Task description: Hunt through the lines below for the string "nangka" and copy each one that has it.

== Extracted information ==

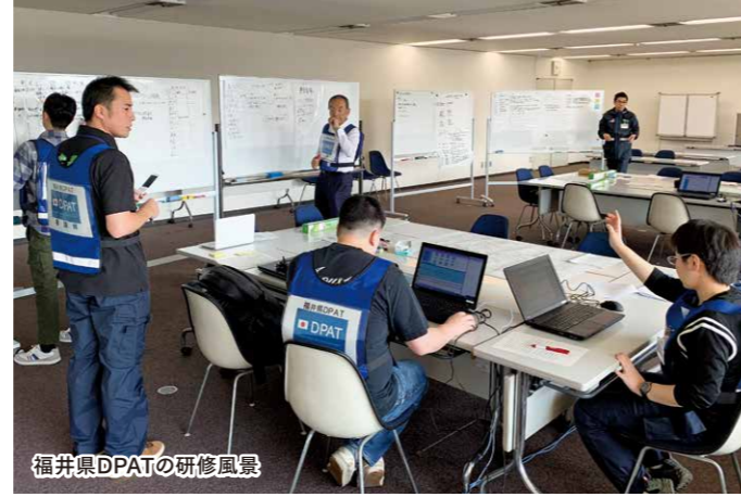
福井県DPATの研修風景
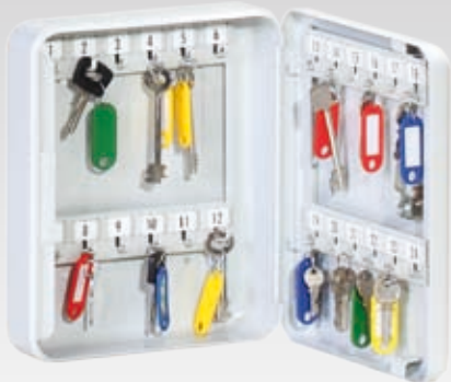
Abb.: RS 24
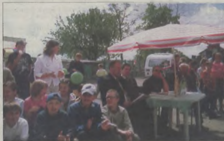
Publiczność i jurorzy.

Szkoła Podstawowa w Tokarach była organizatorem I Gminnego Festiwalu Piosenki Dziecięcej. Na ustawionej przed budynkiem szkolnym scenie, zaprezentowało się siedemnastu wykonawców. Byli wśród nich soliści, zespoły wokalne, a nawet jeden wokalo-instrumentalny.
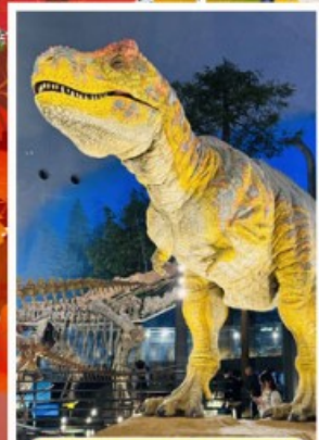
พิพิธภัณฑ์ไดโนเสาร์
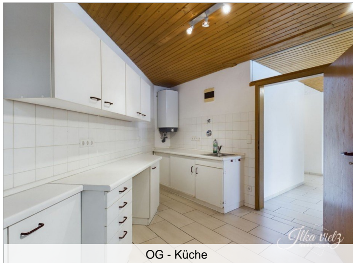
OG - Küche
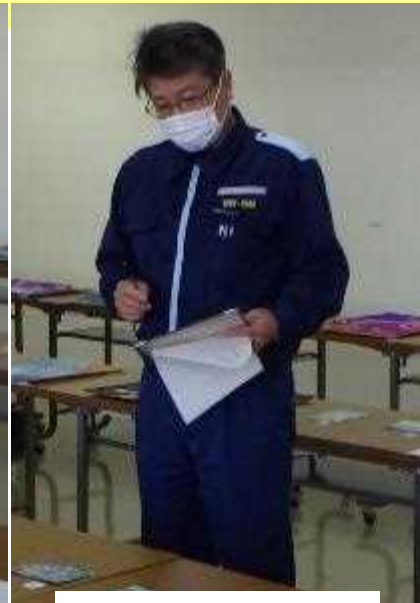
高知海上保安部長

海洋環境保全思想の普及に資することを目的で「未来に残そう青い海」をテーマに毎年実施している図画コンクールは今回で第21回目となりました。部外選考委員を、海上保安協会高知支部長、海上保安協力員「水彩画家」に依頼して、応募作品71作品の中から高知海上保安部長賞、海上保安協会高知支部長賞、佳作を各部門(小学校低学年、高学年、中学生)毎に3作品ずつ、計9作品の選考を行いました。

===
== Extracted information ==

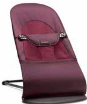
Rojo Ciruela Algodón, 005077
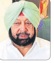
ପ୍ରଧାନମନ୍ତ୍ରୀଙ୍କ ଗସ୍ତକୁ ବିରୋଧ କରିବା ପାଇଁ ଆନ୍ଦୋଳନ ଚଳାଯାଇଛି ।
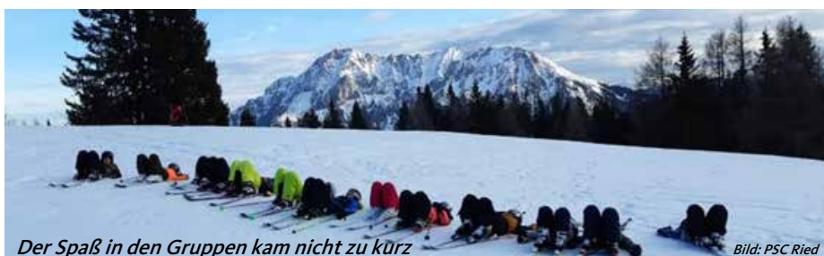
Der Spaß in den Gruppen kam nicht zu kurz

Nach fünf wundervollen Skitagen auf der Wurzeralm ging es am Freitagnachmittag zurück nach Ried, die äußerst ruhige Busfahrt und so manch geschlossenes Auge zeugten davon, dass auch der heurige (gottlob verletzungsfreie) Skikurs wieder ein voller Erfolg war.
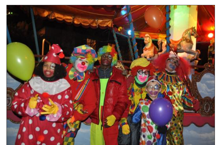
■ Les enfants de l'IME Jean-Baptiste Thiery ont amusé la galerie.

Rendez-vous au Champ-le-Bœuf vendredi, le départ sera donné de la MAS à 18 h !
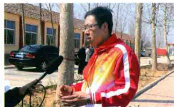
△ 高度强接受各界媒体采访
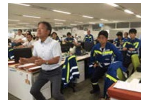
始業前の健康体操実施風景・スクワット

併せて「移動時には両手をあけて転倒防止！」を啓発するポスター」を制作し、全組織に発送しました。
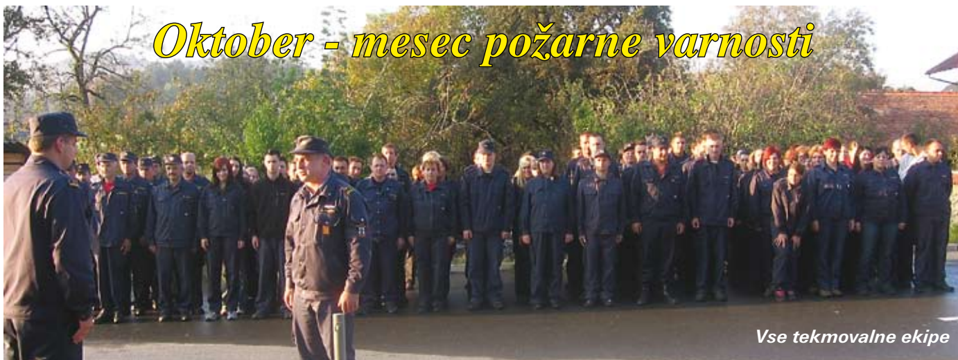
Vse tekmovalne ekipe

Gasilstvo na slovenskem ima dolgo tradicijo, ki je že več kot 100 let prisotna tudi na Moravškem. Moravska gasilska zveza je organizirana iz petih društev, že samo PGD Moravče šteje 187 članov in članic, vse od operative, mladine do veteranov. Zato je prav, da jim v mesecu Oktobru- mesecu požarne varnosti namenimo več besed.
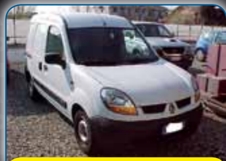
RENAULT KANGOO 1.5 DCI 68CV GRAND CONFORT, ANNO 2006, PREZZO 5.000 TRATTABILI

===
== Extracted information ==

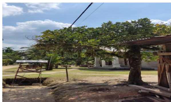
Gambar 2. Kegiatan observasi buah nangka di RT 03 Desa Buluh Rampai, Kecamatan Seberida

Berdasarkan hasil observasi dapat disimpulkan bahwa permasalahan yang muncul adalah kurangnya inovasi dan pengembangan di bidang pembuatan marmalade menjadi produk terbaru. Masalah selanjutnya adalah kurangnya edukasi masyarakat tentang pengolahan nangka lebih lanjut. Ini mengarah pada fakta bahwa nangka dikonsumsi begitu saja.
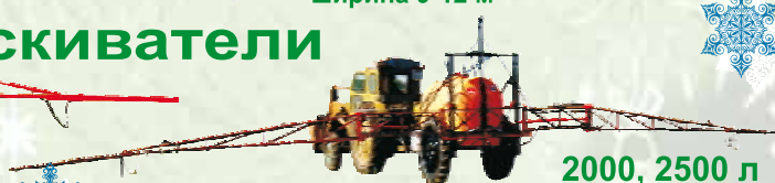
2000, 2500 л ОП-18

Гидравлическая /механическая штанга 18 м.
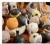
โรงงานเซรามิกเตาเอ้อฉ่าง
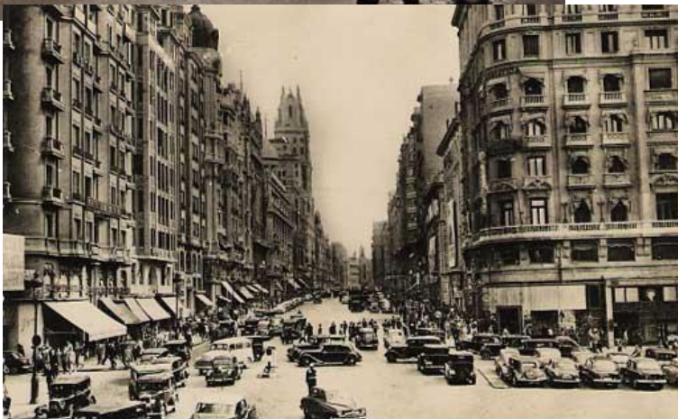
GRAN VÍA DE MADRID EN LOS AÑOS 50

===

Your solution:
Gambar 2. Kegiatan observasi buah nangka di RT 03 Desa Buluh Rampai, Kecamatan Seberida
Berdasarkan hasil observasi dapat disimpulkan bahwa permasalahan yang muncul adalah kurangnya inovasi dan pengembangan di bidang pembuatan marmalade menjadi produk terbaru. Masalah selanjutnya adalah kurangnya edukasi masyarakat tentang pengolahan nangka lebih lanjut. Ini mengarah pada fakta bahwa nangka dikonsumsi begitu saja.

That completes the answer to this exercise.